Мы сами придумаем смешную сценку про Машу и Медведя и покажем ее перед всеми. Медведя играл мой давний обидчик, а Машу - я, так как была единственная, кто мог влезть в рыбацкий плетеный короб. И этот мальчик, с которым я давно помирилась, унесет из медкабинета пеленку и постелет на дно короба, объяснив всем :
   - Чтобы мяконько было малявке...
   
    В конце августа придет время расставаться со всеми, с кем я жила, дружила, ссорилась и мирилась. Мне уже и не захочется уезжать оттуда, потому что за три месяца я ко всем и ко всему привыкла. Давно были прощены мои обидчики, и я даже была в приятельских отношениях с ними.

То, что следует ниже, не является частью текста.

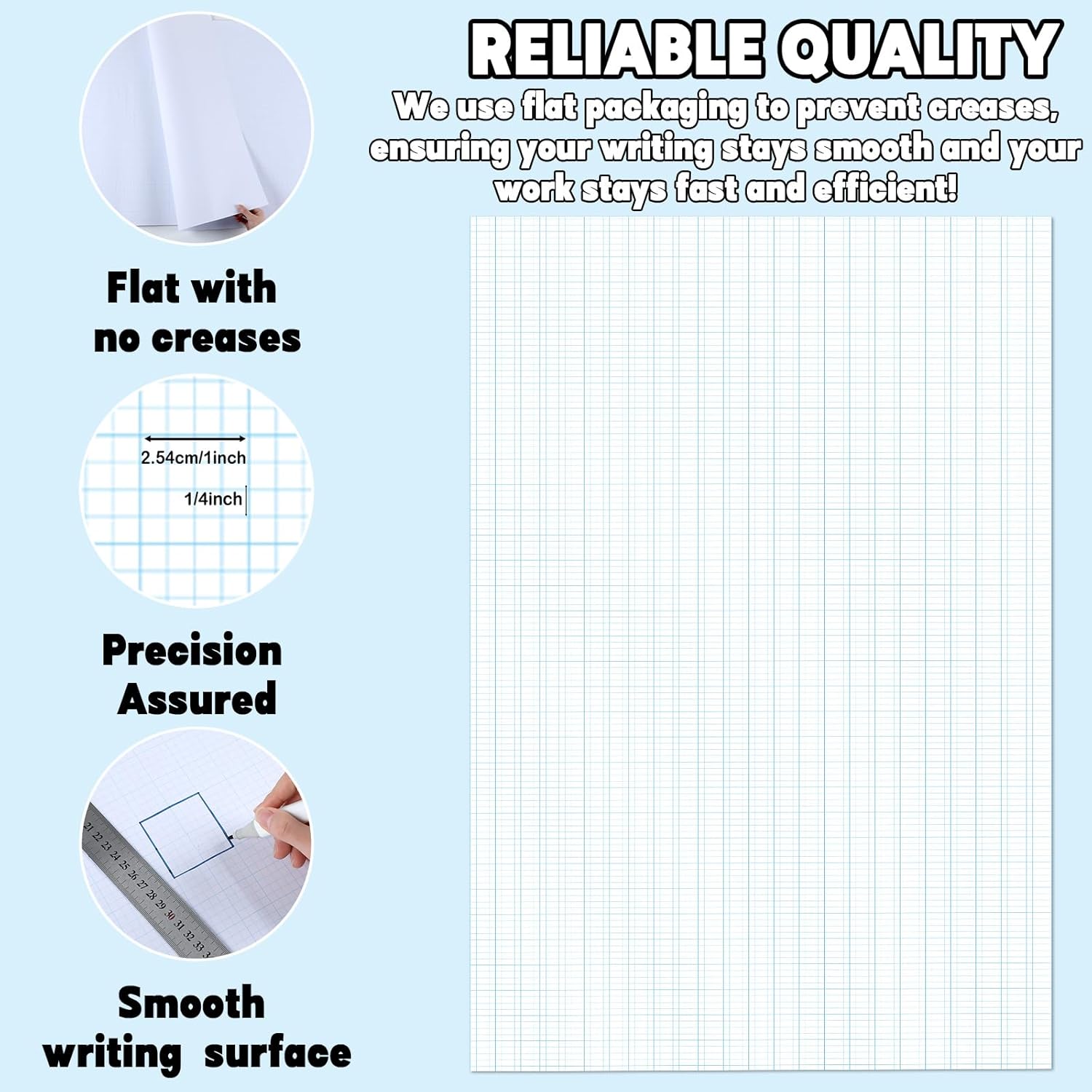 - High Quality Materials: Crafted from high-quality paper, the large grid paper sheet ensures smooth writing and drawing. The clear, durable grid pattern offers consistent results, while the thick grid paper prevents ink bleed-through, making our graph paper for drafting a reliable choice for both professionals and students.

    Когда я со своим чемоданчиком подошла к дверям с вывеской "Выход", уже знала - вот сейчас я выйду и больше никогда (никогда!) не вернусь сюда и никогда не увижу этих девочек и мальчиков...А как же мои кролики, морские свинки, черепашка? Как они будут тут поживать без меня? Получается, их я тоже больше не увижу? И я готова была уже расплакаться, но вот подошла Таня, обняла меня и сказала :
    - Ты потом напиши мне сюда письмо, пусть даже и печатными буквами, чтобы я знала, что у тебя все хорошо. А в конце письма - помнишь, как я тебя учила? - напиши : " С любовью - Люба". Твоя мама подпишет конверт, я ее просила. В конце сентября, когда меня выпишут из санатория, я найду тебя в городе и приеду к вам домой, и мы пойдем в кинотеатр на какой-нибудь фильм, и будем гулять в парке....
     Только все это и в самом деле будет позже, а сейчас, открыв дверь, я повернулась и обвела всех взглядом, как бы запоминая, кивнула головой прощаясь и вышла.
     Уезжая, уже из окна автобуса я все смотрела и смотрела в сторону удаляющегося здания санатория, пока оно не исчезло совсем...
     Мысленно я еще долго находилась там, в санатории, даже когда была уже дома; и еще долго помнила распорядок дня, с улыбкой глядя на будильник, стрелки которого показывали время "тихого часа".

       А потом, позже, я пойму, что тО время было для меня чем-то бОльшим, чем я думала, иначе при воспоминании не теребило бы так душу и не появились бы светлая грусть и чувство безмерной жалости - к себе, той маленькой, к детям-калекам, для которых их мирок был за той калиткой, где они все на равных, где никто никого не стеснялся, а жил со своими болями, переживаниями, всплесками детского эгоизма и конечно, любовью - к близким, к друг дружке, к тем, к кому уже привыкли и почти сроднились. Эти дети со временем понимали, что болезнь их всех сблизила, а не оттолкнула, и это дало силы для надежды и веры на выздоровление. Они уже не те, кем были ранее - произошло взросление души, которая когда-то была такая хрупкая и ранимая, а теперь стала как кремень - значит, они многое выдержат и другим помогут.